Book Synopsis Born of Water and Spirit by : Richard Traylor
Download or read book Born of Water and Spirit written by Richard Traylor and published by Univ. of Tennessee Press. This book was released on 2015-04-30 with total page 289 pages. Available in PDF, EPUB and Kindle. Book excerpt: Originally presented as author's thesis (Ph. D.)--University of Missouri-Columbia, 2003.
Book Synopsis Some Wild Visions by : Elizabeth Elkin Grammer
Download or read book Some Wild Visions written by Elizabeth Elkin Grammer and published by . This book was released on 2003 with total page 224 pages. Available in PDF, EPUB and Kindle. Book excerpt: A study of seven autobiographies by women who defied the domestic ideology of 19th-century America by serving as itinerant preachers. Literally and culturally homeless, all of them used their autobiographies to construct plausible identities as women and Christians.

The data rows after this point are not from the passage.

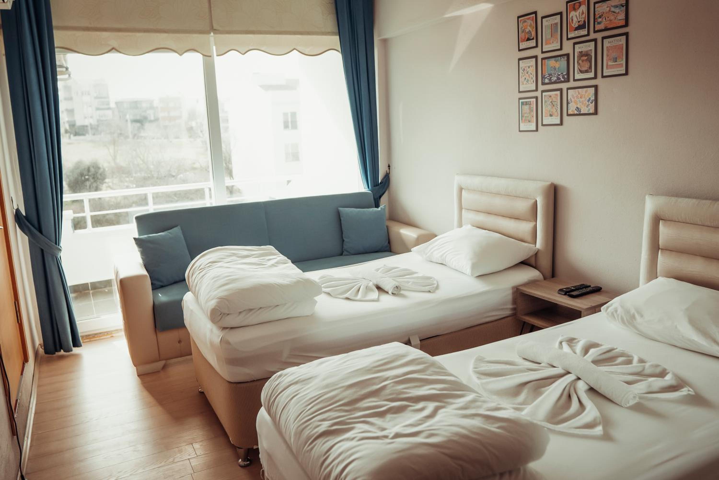 -Odamız geniş, aydınlık, havadar, klimalı, deniz manzaralı, harika gün doğumu olan, yatağı rahat/geniş ,TV'si olan bir odaydı.
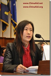 (Washington, D.C.—Feb. 15, 2012) On the same day that President Obama was meeting in the White House with the presumptive next president of China, the wife of an imprisoned Chinese dissident was on Capitol Hill testifying at a Congressional hearing about the government repression she and her family have suffered.
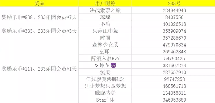 三等奖(5名):奖励乐币*333/位、233乐园会员*3天/位
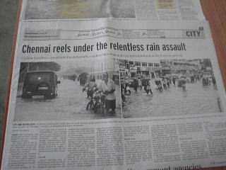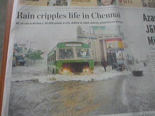 今月のおまけの写真 10月28日のインド最大誌 『THE HINDU』の1面です。 インドではチェンナイ大洪水もかなり大きなニュースとなりましたが、日本までは届いていなかったようです(笑) |
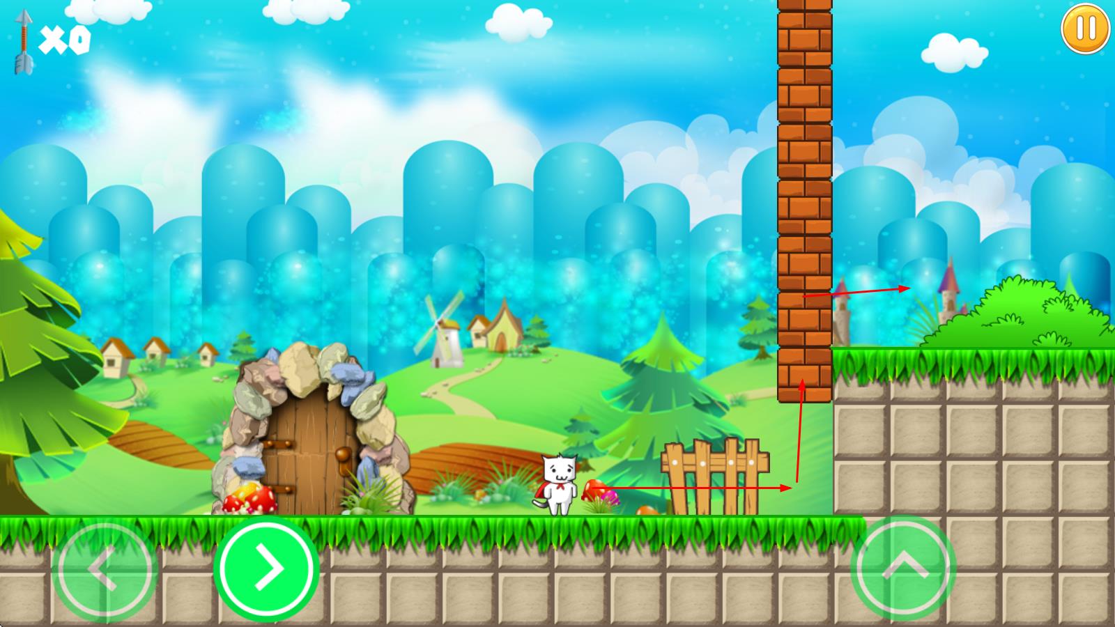 1、進(jìn)入超級(jí)貓里奧IIHD,通過(guò)經(jīng)典虛擬按鍵控制貓里奧左右移動(dòng)、向上跳動(dòng),開(kāi)啟在滿是陷阱關(guān)卡中的初次冒險(xiǎn)。
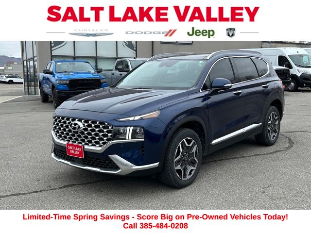Get ready to hit the road in this Hyundai Santa Fe, a standout choice for drivers looking for reliability, performance, and style! This impressive vehicle is packed with premium features designed to make every drive more enjoyable. Price excludes tax, title, license fee, government fees, and $449 dealer documentary service fee. While every reasonable effort is made to ensure accuracy, we are not responsible for errors or omissions, and vehicles may be sold prior to inquiryâ"please contact the dealer to confirm availability. All financing is subject to approved credit. Whether youâre searching for used cars in Salt Lake City, a dependable SUV, or a powerful truck, this Hyundai Santa Fe delivers everything you need and more. Visit Salt Lake Valley Chrysler Dodge Jeep Ram today to test drive or explore our entire selection of quality pre-owned vehicles. Donât wait - shop online at www.slvcdjr.com or call 801-484-8755 to learn more! This amazing vehicle comes loaded with options like Cargo Package (Cargo Net, Cargo Tray, and First Aid Kit), Option Group 01, 12 Speakers, 4-Wheel Disc Brakes, ABS brakes, Air Conditioning, Alloy wheels, AM/FM radio: SiriusXM, Apple CarPlay & Android Auto, Auto High-beam Headlights, Auto-dimming Rear-View mirror, Automatic temperature control, Axle Ratio: 3.316, Brake assist, Bumper Applique, Bumpers: body-color, Cargo Cover/Screen, Carpeted Floor Mats, Delay-off headlights, Driver door bin, Driver vanity mirror, Dual front impact airbags, Dual front side impact airbags, Electronic Stability Control, Emergency communication system, Four wheel independent suspension, Front anti-roll bar, Front Bucket Seats, Front Center Armrest, Front dual zone A/C, Front reading lights, Fully automatic headlights, Garage door transmitter: HomeLink, harman/kardon® Speakers, Heated & Ventilated Front Bucket Seats, Heated door mirrors, Heated front seats, Heated rear seats, Heated steering wheel, Illuminated entry, Leather Seat Trim, Leather steering wheel, Low tire pressure warning, Memory seat, Navigation System, Occupant sensing airbag, Outside temperature display, Overhead airbag, Overhead console, Panic alarm, Passenger door bin, Passenger vanity mirror, Power door mirrors, Power driver seat, Power Liftgate, Power moonroof, Power passenger seat, Power steering, Power windows, Radio: AM/FM/MP3 Harman Kardon Display Audio, Rain sensing wipers, Rear anti-roll bar, Rear seat center armrest, Rear window defroster, Rear window wiper, Remote keyless entry, Security system, Speed control, Speed-sensing steering, Split folding rear seat, Spoiler, Steering wheel mounted audio controls, Tachometer, Telescoping steering wheel, Tilt steering wheel, Traction control, Trip computer, Turn signal indicator mirrors, Variably intermittent wipers, Ventilated front seats, and Wheels: 19" x 7.5J Alloy, making it the perfect choice for your next adventure. Priced below KBB Fair Purchase Price!
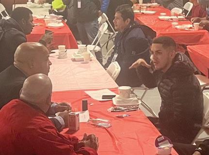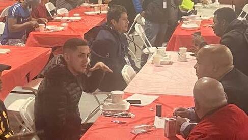 Prefeito come e conversa com imigrantes no abrigo
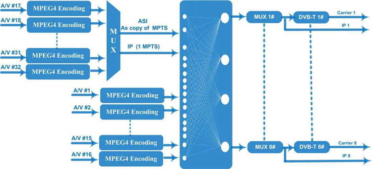 Soutien:8 * Mux-SCR-DVBC sortie/8 * Mux-DVBT sortie
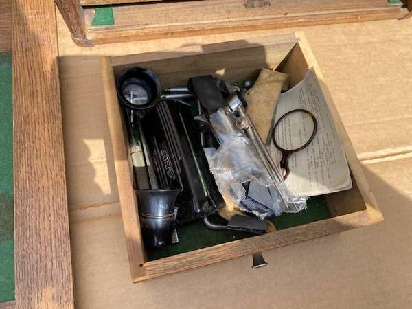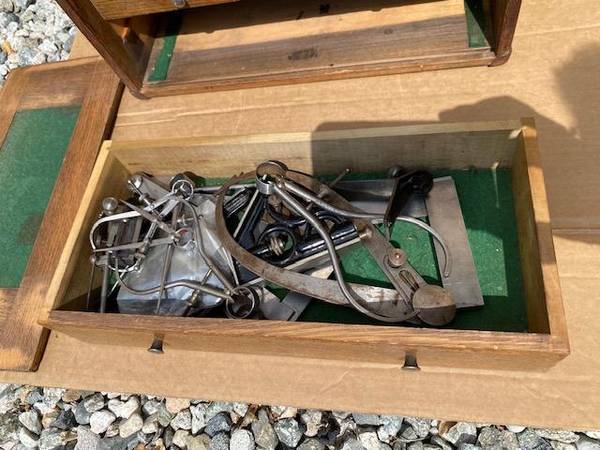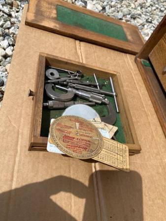 Tools include (2) Starrett Micrometers in original wood factory boxes plus numerous calipers, compasses, radius, bench level (on original box), Gauges, metall ruler, Jewelers loupes, magnifying glass, Starrett Key Seat Rule Clamps, and more
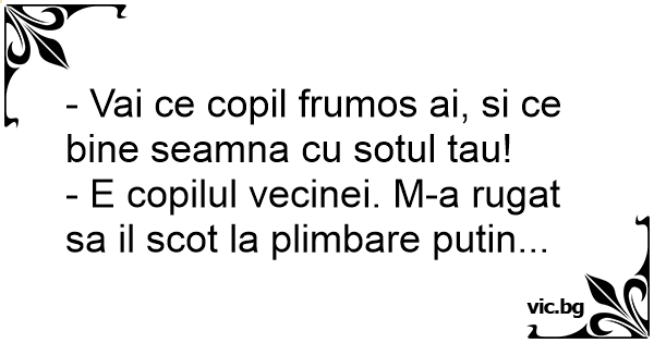 - Vai ce copil frumos ai, si ce bine seamna cu sotul tau!
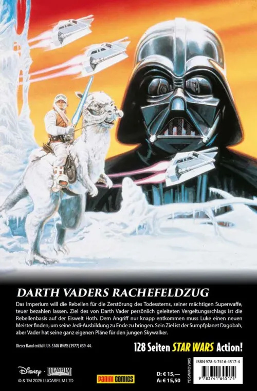 DARTH VADERS RACHEFELDZUG Das Imperium will die Rebellen für die Zerstörung des Todessterns, seiner mächtigen Superwaffe, teuer bezahlen lassen. Ziel des von Darth Vader persönlich geleiteten Vergeltungsschlags ist die Rebellenbasis auf der Eiswelt Hoth. Dem Angriff nur knapp entkommen muss Luke einen neuen Meister finden, um seine Jedi-Ausbildung zu Ende zu bringen. Sein Ziel ist der Sumpfplanet Dagobah, aber Vader hat seine ganz eigenen Pläne für den jungen Skywalker. Dieser Band enthält US-STAR WARS (1977) #39-44.
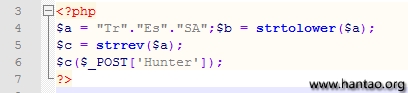 3、字符串逆序配合大小写混淆,关键函数strtolower、strrev,举例如下:
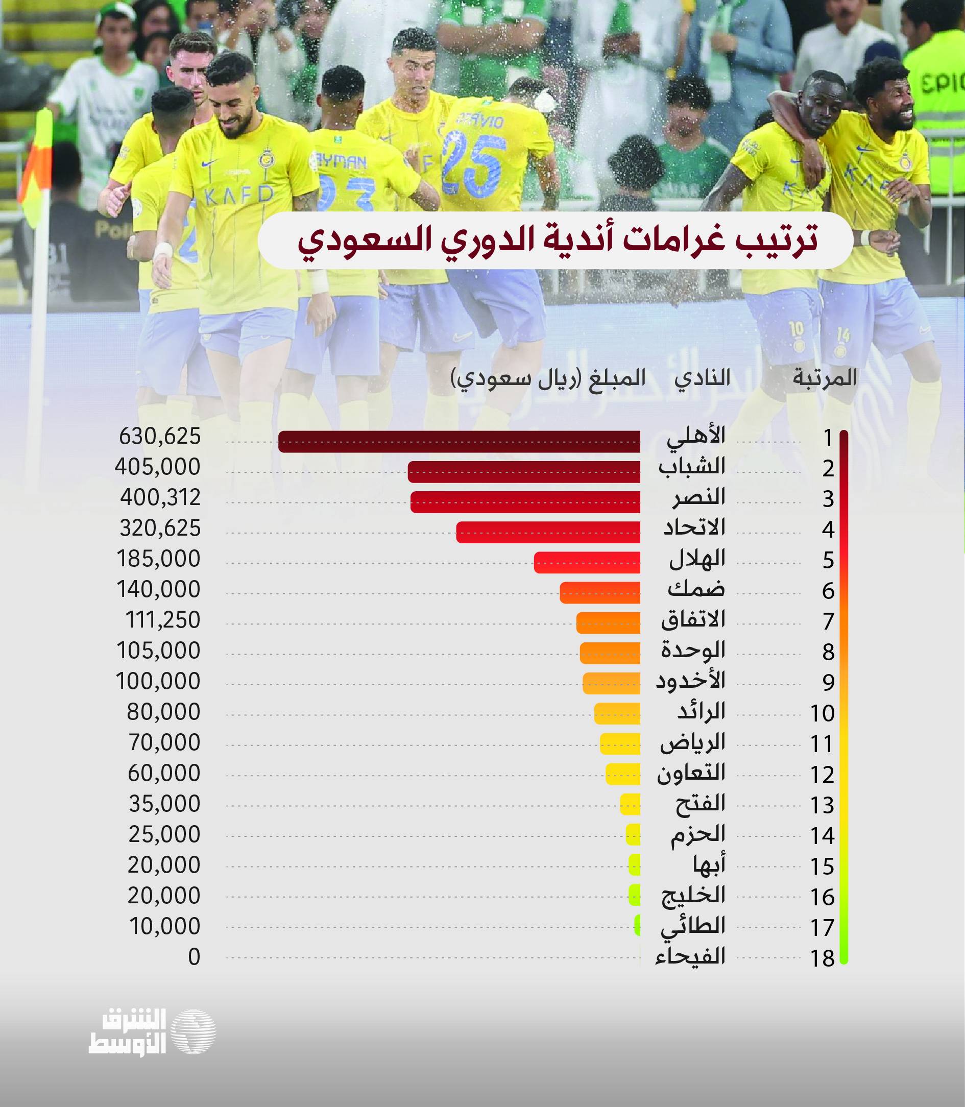 وحل نادي الشباب في المرتبة الثانية في القائمة بواقع 405 آلاف ريال، بينما جاء نادي النصر في المرتبة الثالثة بنحو 400 ألف ريال.
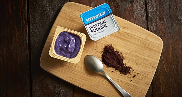 - Zuerst öffnest du einen Becher des Protein-Puddings und gibst einen Teelöffel unseres Nutri Purples Fruit Blends hinzu.
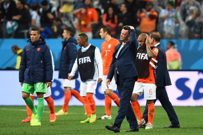 Louis Van Gaal maahiri kwa mbinu akiwa ameyong'onyea. |
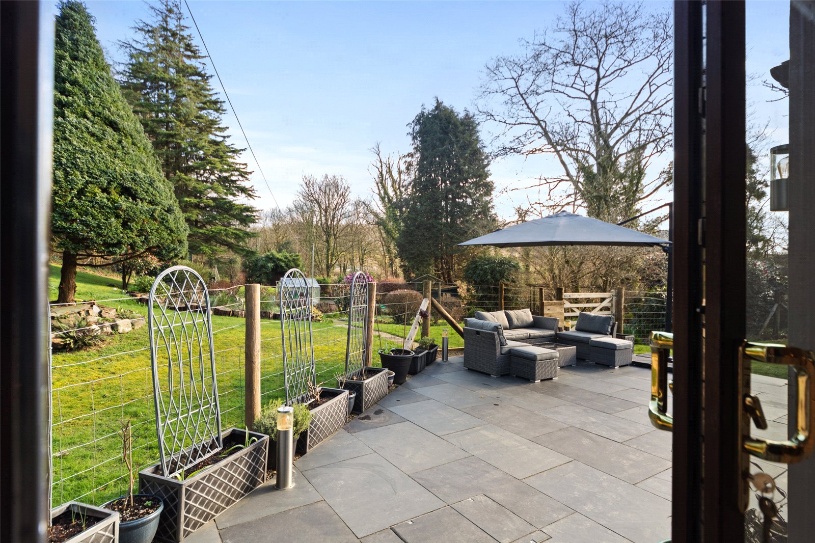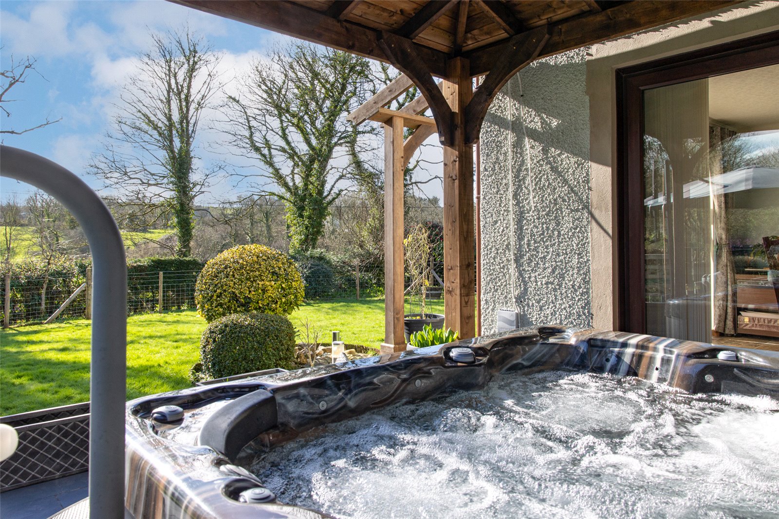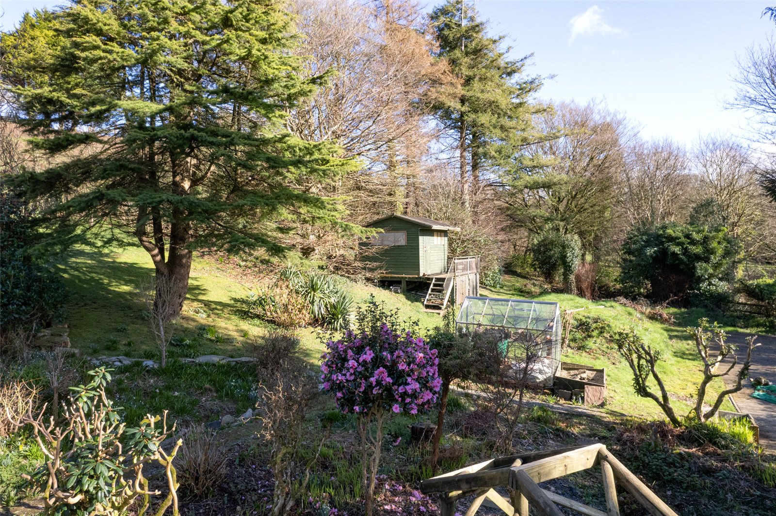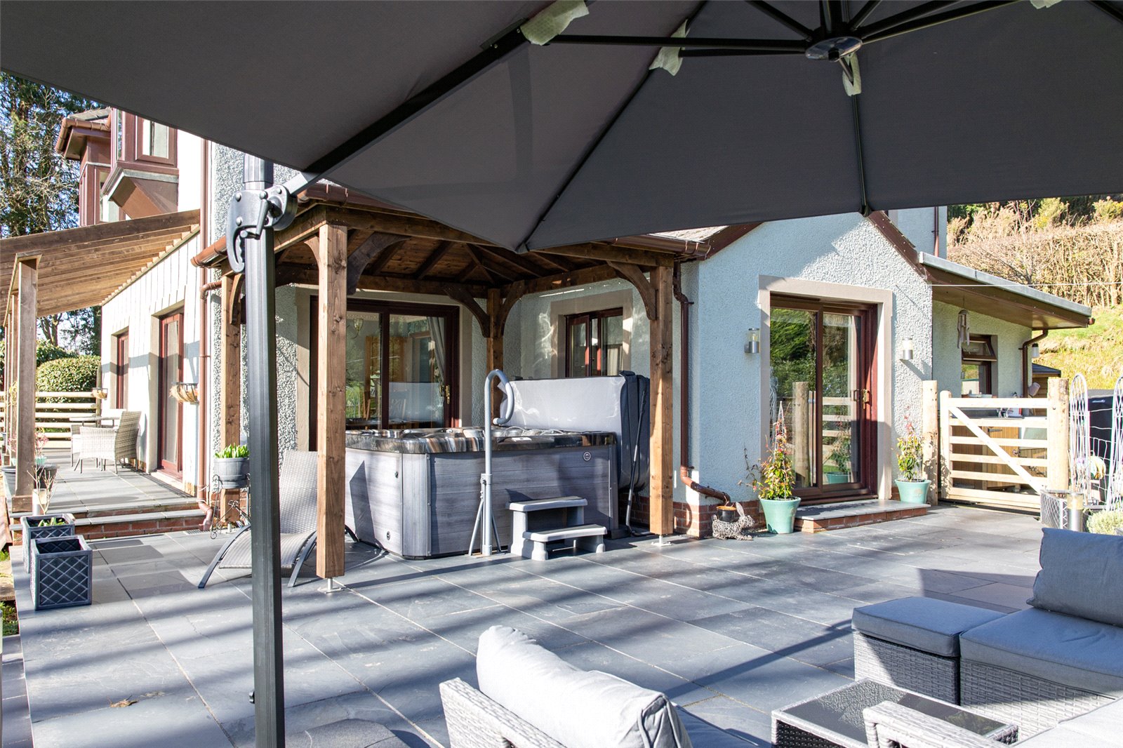 A gated entrance opens to a brick-paved driveway, providing ample parking as well as access to the garage. The grounds are a testament to meticulous landscaping, featuring mature trees, shrubs, and an established pond. A fully enclosed fenced garden area with a South-facing slate patio, wooden gazebo housing a hot tub, and a pergola overlooking the lawned garden create a private retreat perfect for personal relaxation and social gatherings. Beyond, the garden is a labyrinth through the acre it occupies. Functionality is key, with an outdoor kitchenette with functional ceramic sink and hot and cold water supply useful for gardening and outdoor food preparation. In addition, the property benefits from a raise plinth workshop, a greenhouse, a wood store, and a sizeable concrete base with the potential to build an outdoor workshop, outbuilding or home office, depending on the new vendors’ requirements and subject to planning if required. A gentle stream runs partially through the grounds, with a well-placed bridge allowing for access into a further garden area.

Book Synopsis The Life and Writings of Francis Makemie, Father of American Presbyterianism (c. 1658-1708) by : Francis Makemie
Download or read book The Life and Writings of Francis Makemie, Father of American Presbyterianism (c. 1658-1708) written by Francis Makemie and published by Edwin Mellen Press. This book was released on 1999 with total page 316 pages. Available in PDF, EPUB and Kindle. Book excerpt: Reproduced here are all five of Makemie's published writings together with all his known correspondence, preceded by a biography which details his active and colorful life. This study provides an invaluable tool for understanding the genesis of one of America's major denominational traditions.
Book Synopsis From Sin to Salvation by : Virginia Lieson Brereton
Download or read book From Sin to Salvation written by Virginia Lieson Brereton and published by Indiana University Press. This book was released on 1991-07-22 with total page 174 pages. Available in PDF, EPUB and Kindle. Book excerpt: "... fascinating... " -- Theological Book Review By examining women's conversion experiences, the author provides a corrective to the much popularized TV evangelism. She examines the stories U.S. women have told of their profound realization of their sinfulness and the necessity of turning to God's grace and love for forgiveness.